Peut-on dire que tous les auteurs d’agressions sexuelles sur des mineurs sont des « pédophiles » ? Qu’est-ce qu’un « pédophile » ? S’agit-il de meurtriers d’enfants tel que Marc Dutroux, de pères incestueux ou d’hommes condamnés pour des attouchements ?

Selon Coutanceau (2002), « l’attrait pédophilique peut être un choix d’objet exclusif, prévalent ou simplement secondaire. D’un point de vue purement clinique, le choix d’objet pédophilique suppose un attrait exclusif ou au moins prévalent.

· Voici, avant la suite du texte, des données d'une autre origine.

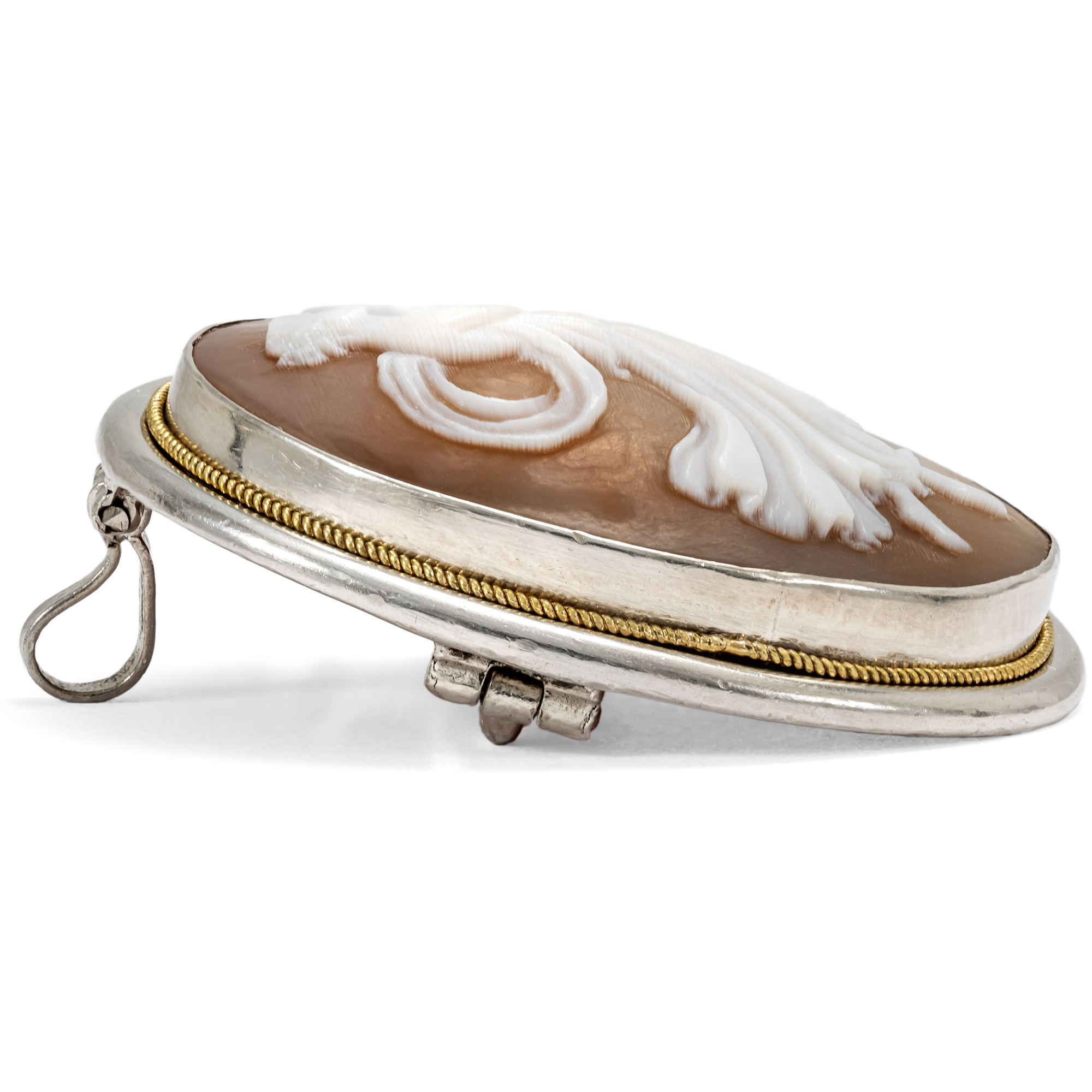 Kleine Muschelkamee der Terpsichore in Silber als Brosche & Anhänger, um 1960

Et la réalité clinique souligne par ailleurs la fréquence d’attrait pédophilique secondaire chez des sujets hétérosexuels adultes ou homosexuels adultes prévalents, ayant de fait une sexualité peu épanouie, avec l’émergence d’une attirance secondaire pour l’enfant. ».

Nous avons l’intention ici d’étudier des individus ayant commis un ou plusieurs passages à l’acte sexuels sur des mineurs et non uniquement la « pédophilie » au sens restrictif d’attrait « exclusif ou prévalent » pour les enfants (Coutanceau, 2002).

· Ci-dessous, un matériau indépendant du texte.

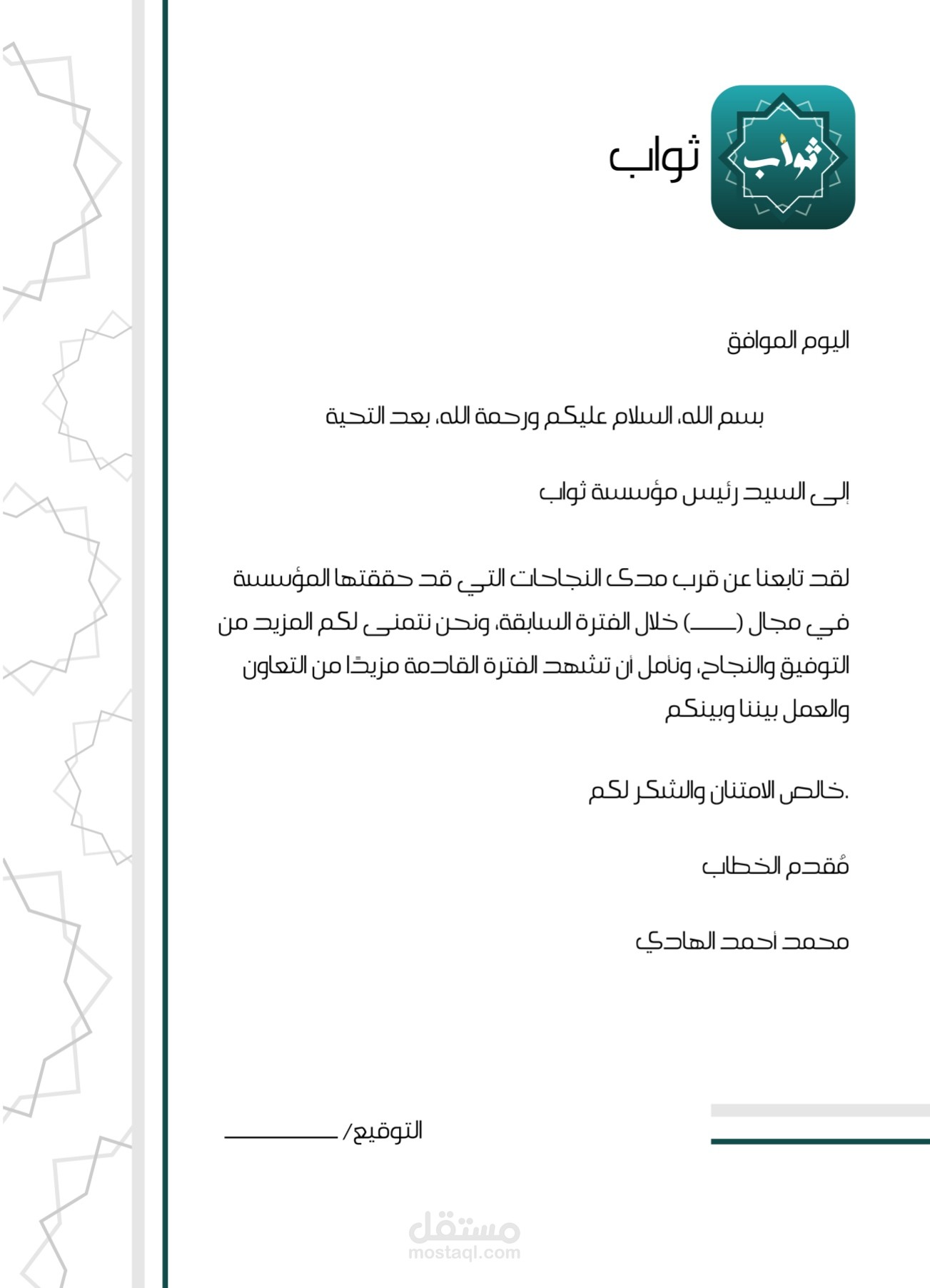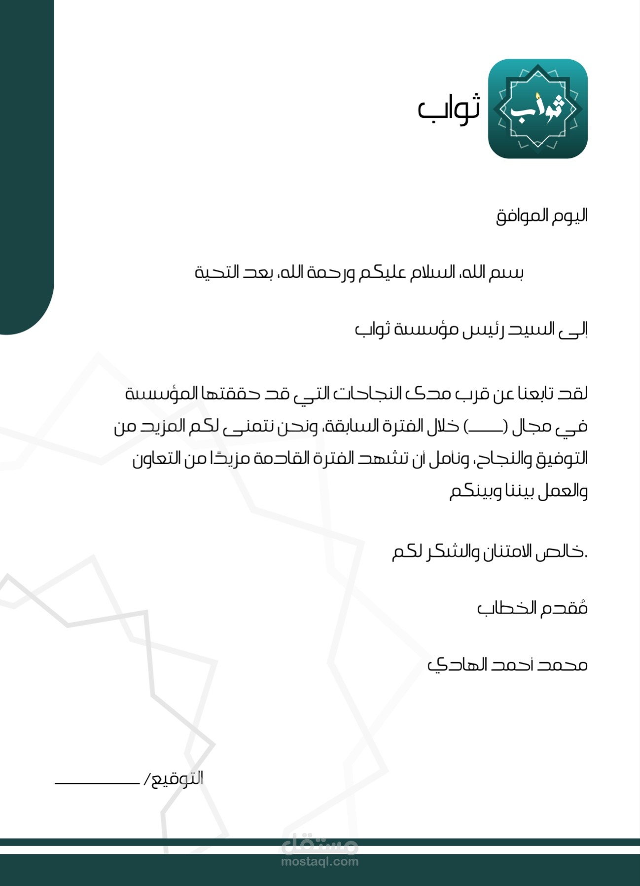 طلبت مني شركة ثواب تصميم هوية بصرية للشركة

III.2.2.2. Critères concernant la victime :

Nous n’avons pas retenu de critère de sélection concernant l’âge ou le sexe des victimes ni la nature incestueuse ou non des passages à l’acte, ni le nombre de victimes par agresseur.

En effet, nous avons souhaité faire porter des hypothèses sur les questions de l’âge et du sexe des victimes et nous avons pu constater que, même si tous les faits commis par les sujets de notre échantillon n’étaient pas d’ordre incestueux, chacun d’entre eux avait fait au moins une victime (reconnue ou non) ayant un lien de parenté plus ou moins éloigné avec lui (ce qui reflète les statistiques données, par exemple, par Ciavaldini, 2001).

De même, concernant l’âge des victimes, nous nous sommes aperçus que la plupart des auteurs d’agressions sexuelles de notre population étaient passés à l’acte à la fois sur des enfants de moins et de plus de 10 ans, ce qui rend la distinction, mise en avant par Gourlaouen-Couton (2002), caduque pour notre propre étude.

Ce chercheur a, de fait, « opté pour la limite des 10 ans », « garantissant un minimum l’aspect physique de la victime puisque statistiquement la puberté n’a pas encore débuté » (il n’existe donc pas de traits sexuels secondaires), pour différencier ce qu’elle nomme les pédophiles (victime dont l’âge est inférieur à 10 ans) des violeurs (victime dont l’âge est supérieur à 10 ans).

L’âge inférieur, quant à lui, a été fixé par cet auteur à 3 ans, ce qui est considéré comme la « limite entre le bébé et le petit enfant » par l’Association Mondiale de Psychiatrie du nourrisson : aucune victime dans notre recherche n’a moins de 3 ans.

Nous nous sommes rendus compte que deux sujets de notre échantillon (M.E et M.F), qui ont fait plusieurs victimes, avaient parmi celles-ci des adolescents de plus de 15 ans (en plus de M.D qui a agressé sexuellement un jeune adulte en détention, après sa condamnation dans le cadre de laquelle nous l’avons rencontré ) mais nous les avons, malgré tout, inclus dans notre recherche parce qu’il ne semblait s’agir que d’épiphénomènes (la majorité de leurs victimes étant mineures de moins de 15 ans).

Les tableaux IV.2.6.1 des annexes donnent une description succincte (âge, sexe, lien de parenté avec l’agresseur) de l’ensemble des victimes des auteurs d’agressions sexuelles de notre population.